Your output should be the lines below from the one with "依次打开计算机设置->系统->关于->高" through the one with "Вас говорит что", copied exactly, pictures excluded.

EXERCISE MATERIAL:
::::::::
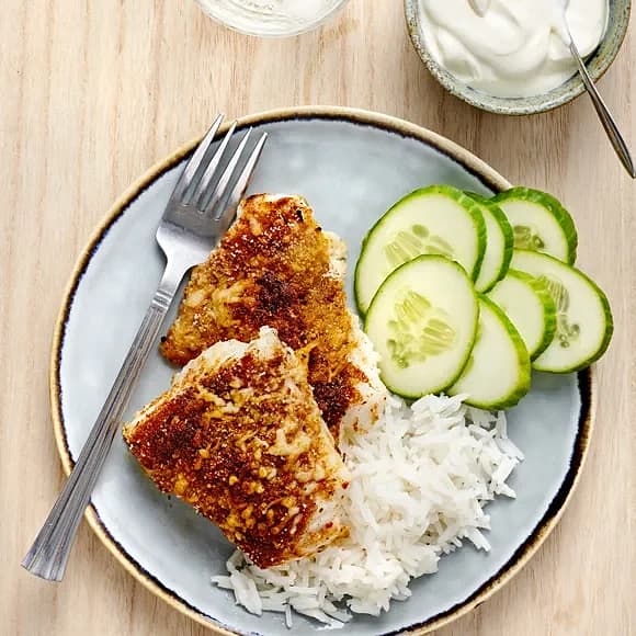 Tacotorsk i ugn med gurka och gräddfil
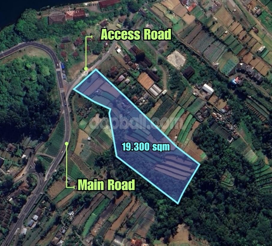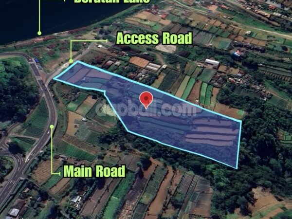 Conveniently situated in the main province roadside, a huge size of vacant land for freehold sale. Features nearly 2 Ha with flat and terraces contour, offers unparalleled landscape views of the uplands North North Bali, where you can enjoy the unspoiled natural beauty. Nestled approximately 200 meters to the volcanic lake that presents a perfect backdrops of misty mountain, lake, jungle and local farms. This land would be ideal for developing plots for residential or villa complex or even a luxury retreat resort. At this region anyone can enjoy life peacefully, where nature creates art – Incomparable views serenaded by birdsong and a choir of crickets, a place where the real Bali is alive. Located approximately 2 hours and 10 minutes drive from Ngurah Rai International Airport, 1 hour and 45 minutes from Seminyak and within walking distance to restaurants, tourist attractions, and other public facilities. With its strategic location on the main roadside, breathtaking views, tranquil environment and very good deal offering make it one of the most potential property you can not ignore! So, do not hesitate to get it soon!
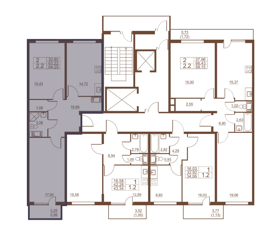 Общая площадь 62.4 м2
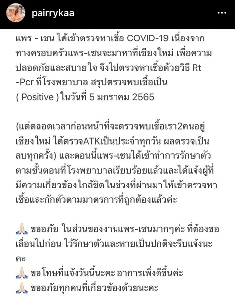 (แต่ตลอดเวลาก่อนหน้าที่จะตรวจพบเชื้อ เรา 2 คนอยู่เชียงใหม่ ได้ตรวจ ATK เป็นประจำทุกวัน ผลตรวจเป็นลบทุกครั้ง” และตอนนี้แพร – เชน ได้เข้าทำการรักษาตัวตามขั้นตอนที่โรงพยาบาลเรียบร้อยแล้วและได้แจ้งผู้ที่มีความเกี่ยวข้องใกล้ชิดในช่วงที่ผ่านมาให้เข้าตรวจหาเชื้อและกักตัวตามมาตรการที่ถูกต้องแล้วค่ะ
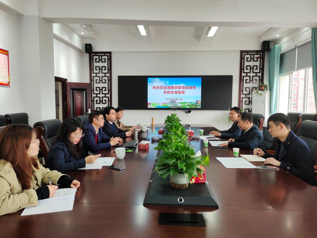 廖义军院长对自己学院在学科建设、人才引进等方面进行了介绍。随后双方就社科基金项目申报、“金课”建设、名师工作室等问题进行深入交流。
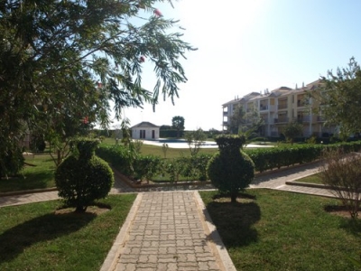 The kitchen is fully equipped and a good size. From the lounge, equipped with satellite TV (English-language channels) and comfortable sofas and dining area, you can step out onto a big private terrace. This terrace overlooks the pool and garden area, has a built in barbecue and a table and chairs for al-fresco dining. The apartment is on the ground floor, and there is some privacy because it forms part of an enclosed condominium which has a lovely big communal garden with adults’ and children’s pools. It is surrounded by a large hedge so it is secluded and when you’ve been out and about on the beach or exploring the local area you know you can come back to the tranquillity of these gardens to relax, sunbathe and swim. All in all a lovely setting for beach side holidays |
::::::::
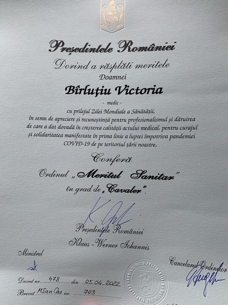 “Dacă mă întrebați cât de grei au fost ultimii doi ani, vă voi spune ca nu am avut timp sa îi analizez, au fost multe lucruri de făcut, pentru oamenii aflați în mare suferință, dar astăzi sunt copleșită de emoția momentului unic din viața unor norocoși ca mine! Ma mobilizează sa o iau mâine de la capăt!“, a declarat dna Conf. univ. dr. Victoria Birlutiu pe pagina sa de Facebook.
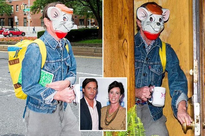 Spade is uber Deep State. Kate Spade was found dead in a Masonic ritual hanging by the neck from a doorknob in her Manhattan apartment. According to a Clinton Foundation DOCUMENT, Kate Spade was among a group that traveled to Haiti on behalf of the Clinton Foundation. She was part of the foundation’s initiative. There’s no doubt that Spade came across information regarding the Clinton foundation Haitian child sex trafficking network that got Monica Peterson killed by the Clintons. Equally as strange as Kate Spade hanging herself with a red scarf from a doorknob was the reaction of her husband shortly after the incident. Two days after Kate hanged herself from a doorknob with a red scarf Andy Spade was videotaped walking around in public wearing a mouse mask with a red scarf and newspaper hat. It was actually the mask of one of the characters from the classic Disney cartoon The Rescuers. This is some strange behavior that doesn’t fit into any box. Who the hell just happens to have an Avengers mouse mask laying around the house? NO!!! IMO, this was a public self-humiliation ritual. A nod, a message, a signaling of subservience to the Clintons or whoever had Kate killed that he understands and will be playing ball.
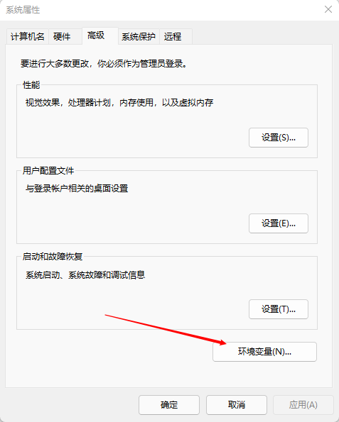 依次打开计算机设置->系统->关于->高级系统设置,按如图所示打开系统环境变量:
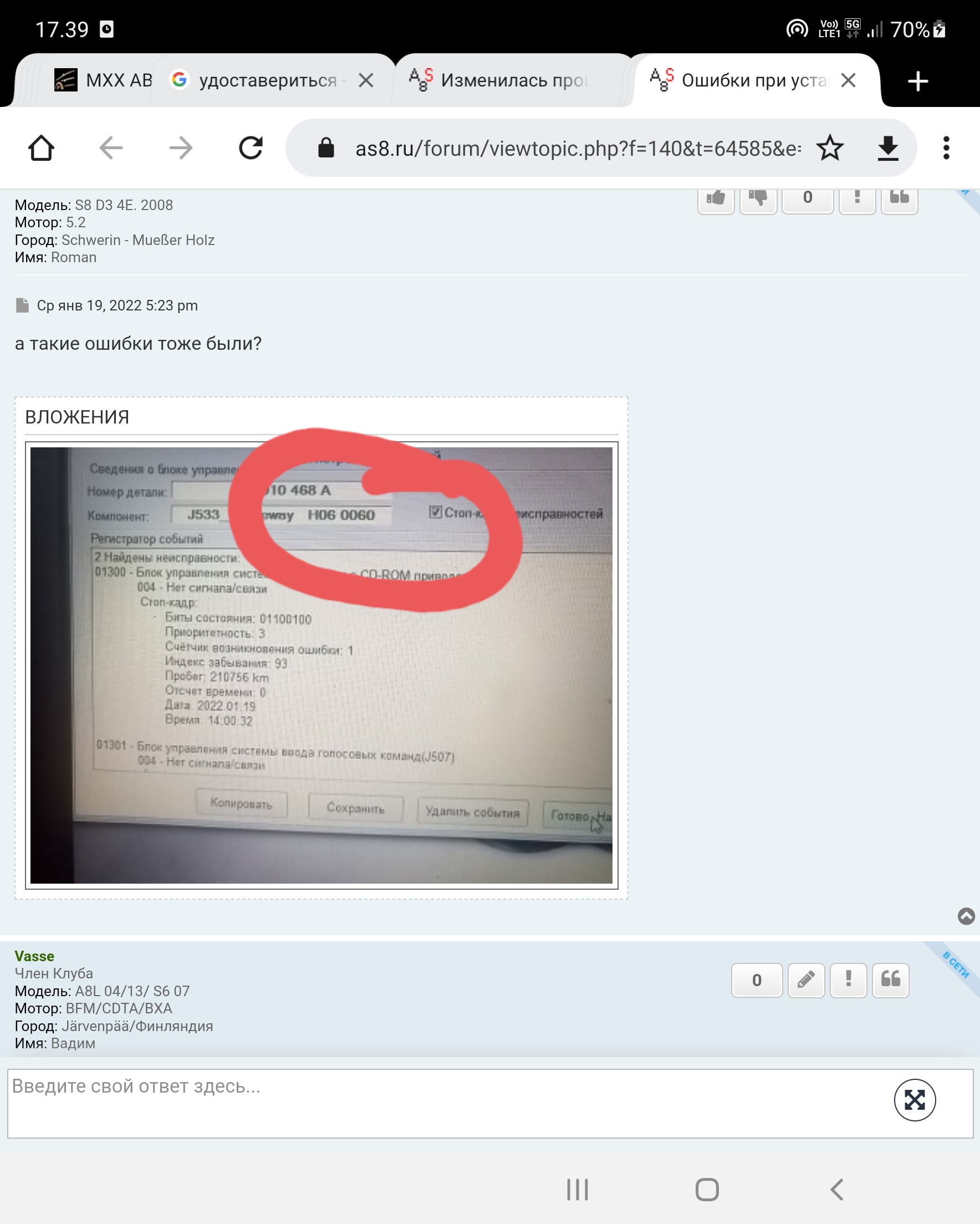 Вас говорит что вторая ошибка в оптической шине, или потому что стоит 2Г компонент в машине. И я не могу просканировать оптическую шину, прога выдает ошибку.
::::::::
FINISHED TASK:
 依次打开计算机设置->系统->关于->高级系统设置,按如图所示打开系统环境变量:
 Вас говорит что вторая ошибка в оптической шине, или потому что стоит 2Г компонент в машине. И я не могу просканировать оптическую шину, прога выдает ошибку.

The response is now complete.